[Material shown — start]
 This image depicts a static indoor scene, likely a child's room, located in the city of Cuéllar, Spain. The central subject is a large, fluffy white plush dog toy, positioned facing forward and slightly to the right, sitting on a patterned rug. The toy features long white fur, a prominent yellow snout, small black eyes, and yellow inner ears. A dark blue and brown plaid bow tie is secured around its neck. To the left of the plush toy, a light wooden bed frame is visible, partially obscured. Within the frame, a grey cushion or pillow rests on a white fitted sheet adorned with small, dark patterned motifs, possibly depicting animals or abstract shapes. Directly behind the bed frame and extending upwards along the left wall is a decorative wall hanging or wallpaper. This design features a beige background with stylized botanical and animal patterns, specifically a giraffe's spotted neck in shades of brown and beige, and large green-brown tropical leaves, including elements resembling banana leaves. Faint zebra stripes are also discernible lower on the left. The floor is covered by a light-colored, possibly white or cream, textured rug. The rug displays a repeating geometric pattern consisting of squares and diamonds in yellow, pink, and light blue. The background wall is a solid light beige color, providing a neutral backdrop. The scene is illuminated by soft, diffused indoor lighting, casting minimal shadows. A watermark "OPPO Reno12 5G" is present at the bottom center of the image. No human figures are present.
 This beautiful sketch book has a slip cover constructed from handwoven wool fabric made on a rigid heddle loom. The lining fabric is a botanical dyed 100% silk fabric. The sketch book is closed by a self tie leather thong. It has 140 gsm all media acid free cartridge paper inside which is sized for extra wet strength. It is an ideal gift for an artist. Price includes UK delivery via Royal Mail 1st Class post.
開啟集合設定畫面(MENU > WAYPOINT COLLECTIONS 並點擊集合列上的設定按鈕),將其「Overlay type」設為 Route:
[Material shown — finish]
[Material shown — start]
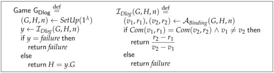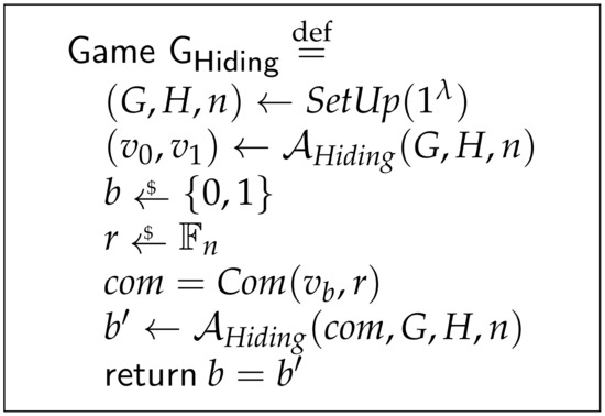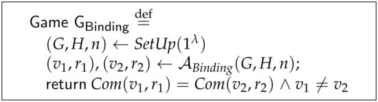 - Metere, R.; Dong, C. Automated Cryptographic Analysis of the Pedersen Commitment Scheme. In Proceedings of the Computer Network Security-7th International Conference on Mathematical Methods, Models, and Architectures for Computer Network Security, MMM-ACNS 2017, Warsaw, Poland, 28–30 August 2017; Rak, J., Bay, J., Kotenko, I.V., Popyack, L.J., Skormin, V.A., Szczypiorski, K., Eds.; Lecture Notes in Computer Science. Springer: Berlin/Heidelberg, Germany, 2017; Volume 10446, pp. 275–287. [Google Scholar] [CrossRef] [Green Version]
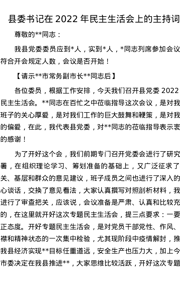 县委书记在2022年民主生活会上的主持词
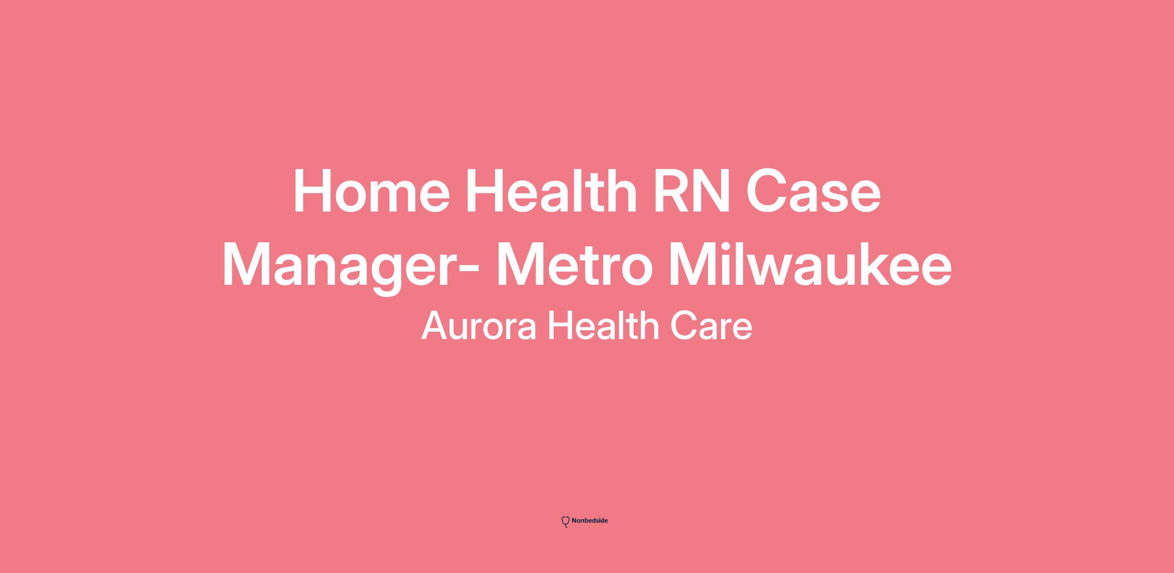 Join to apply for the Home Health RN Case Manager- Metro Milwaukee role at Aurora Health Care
[Material shown — finish]
Exercise details: From the line containing "县委书记在2022年民主生活会上的主持词" through the line containing "Join to apply", copy every line above exactly, without pictures.

Task solution:
 县委书记在2022年民主生活会上的主持词
 Join to apply for the Home Health RN Case Manager- Metro Milwaukee role at Aurora Health Care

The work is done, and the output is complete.